**Instructions for the task:**
Output the line that contains "理肤泉特安修复安心霜修护乳 乳液40ml舒缓滋润" together with each line after it, through the final line of the listing below, word for word; omit pictures.
---
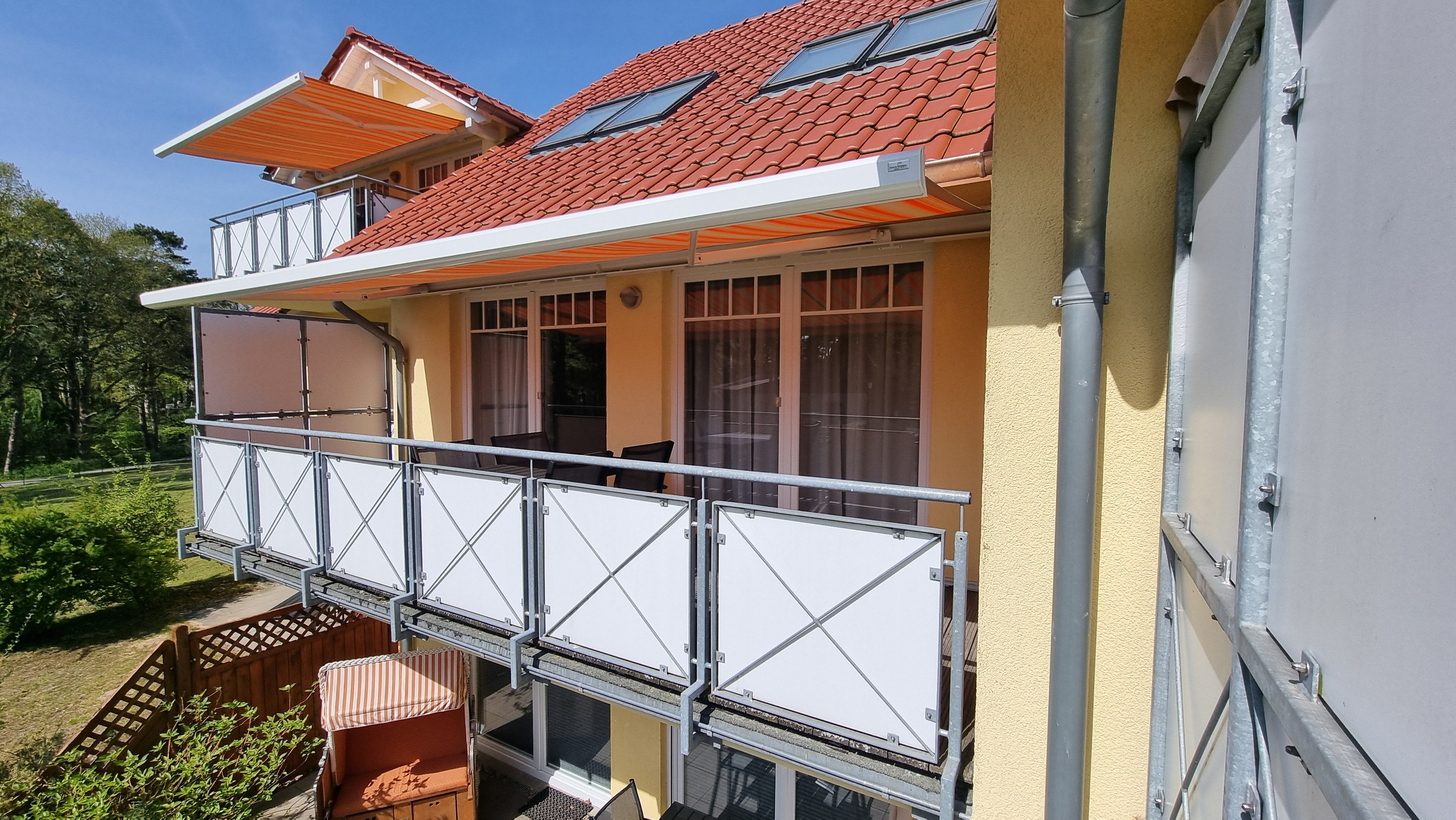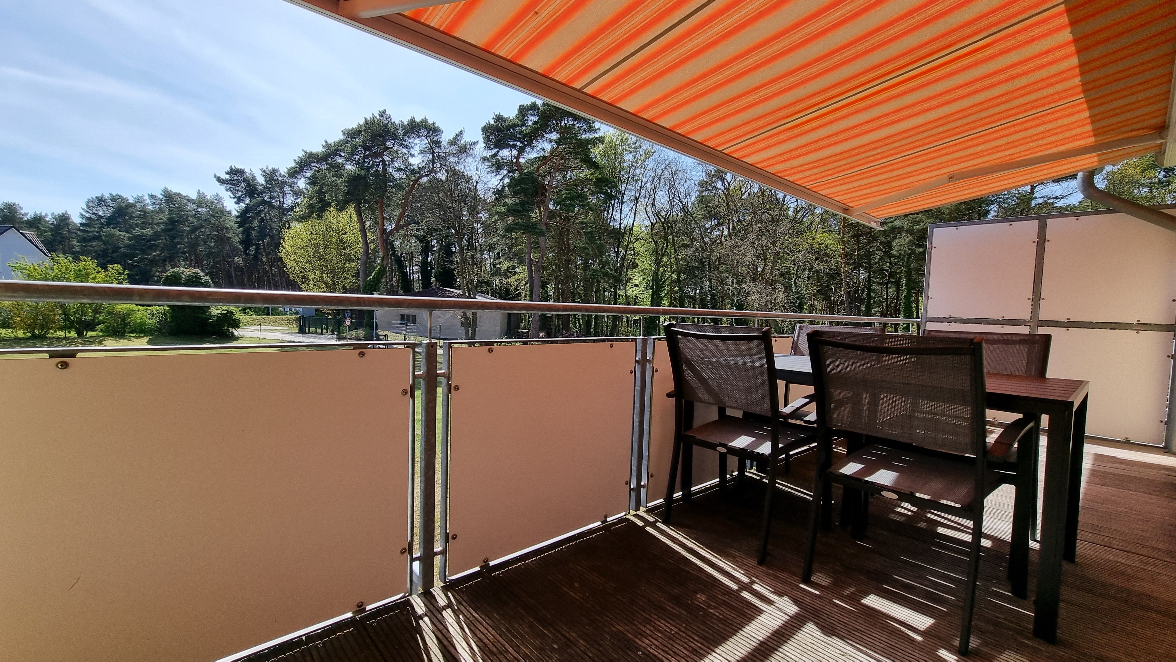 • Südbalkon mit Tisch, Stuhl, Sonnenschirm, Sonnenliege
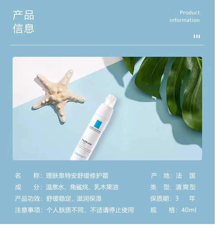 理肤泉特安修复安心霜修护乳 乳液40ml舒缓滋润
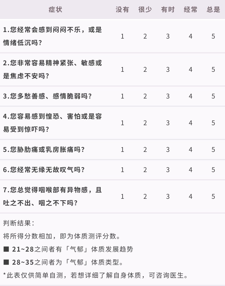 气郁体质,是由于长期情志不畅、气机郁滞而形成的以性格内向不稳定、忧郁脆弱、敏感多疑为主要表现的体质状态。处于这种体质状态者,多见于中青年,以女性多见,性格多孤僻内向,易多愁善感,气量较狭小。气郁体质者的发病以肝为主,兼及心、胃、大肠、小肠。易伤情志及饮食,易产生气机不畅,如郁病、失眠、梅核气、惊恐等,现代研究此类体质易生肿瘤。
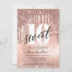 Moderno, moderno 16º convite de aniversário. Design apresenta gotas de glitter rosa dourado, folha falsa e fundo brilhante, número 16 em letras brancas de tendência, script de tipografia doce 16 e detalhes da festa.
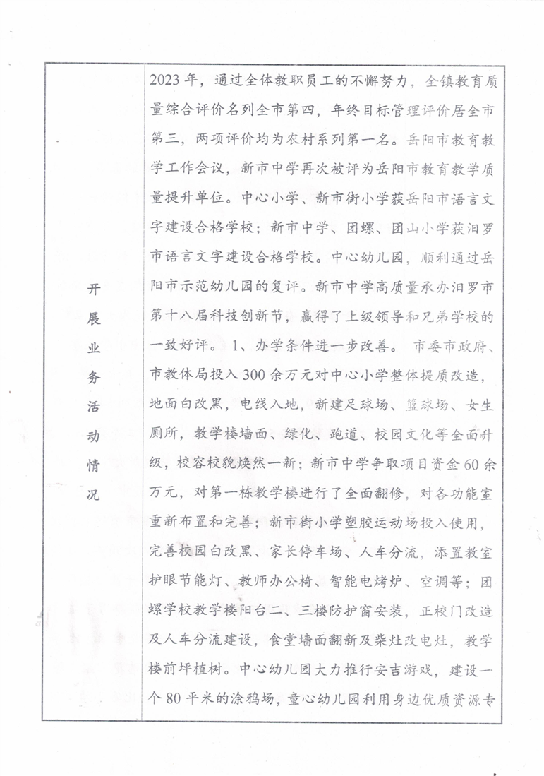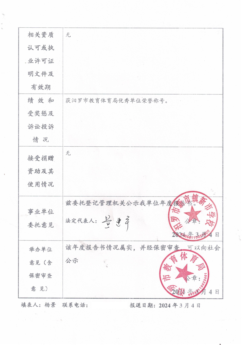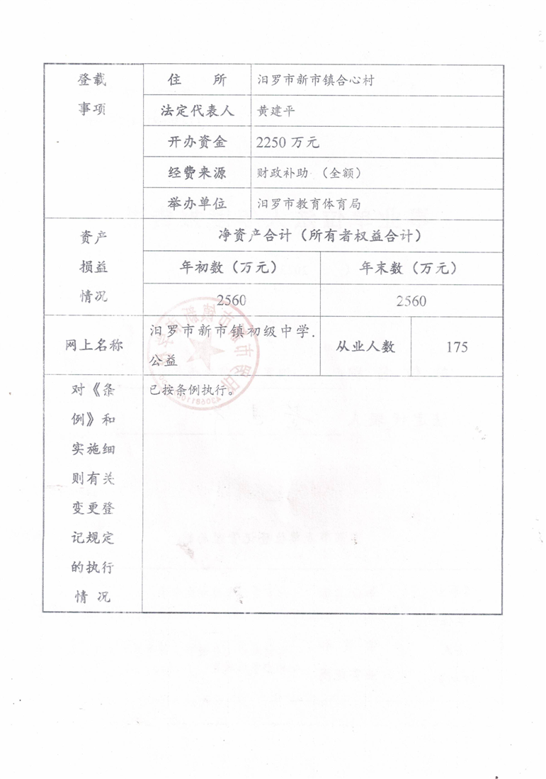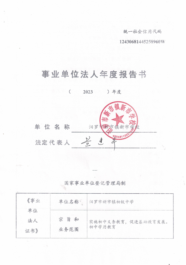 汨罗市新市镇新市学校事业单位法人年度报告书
---
**Task response:**
 理肤泉特安修复安心霜修护乳 乳液40ml舒缓滋润
 气郁体质,是由于长期情志不畅、气机郁滞而形成的以性格内向不稳定、忧郁脆弱、敏感多疑为主要表现的体质状态。处于这种体质状态者,多见于中青年,以女性多见,性格多孤僻内向,易多愁善感,气量较狭小。气郁体质者的发病以肝为主,兼及心、胃、大肠、小肠。易伤情志及饮食,易产生气机不畅,如郁病、失眠、梅核气、惊恐等,现代研究此类体质易生肿瘤。
 Moderno, moderno 16º convite de aniversário. Design apresenta gotas de glitter rosa dourado, folha falsa e fundo brilhante, número 16 em letras brancas de tendência, script de tipografia doce 16 e detalhes da festa.
 汨罗市新市镇新市学校事业单位法人年度报告书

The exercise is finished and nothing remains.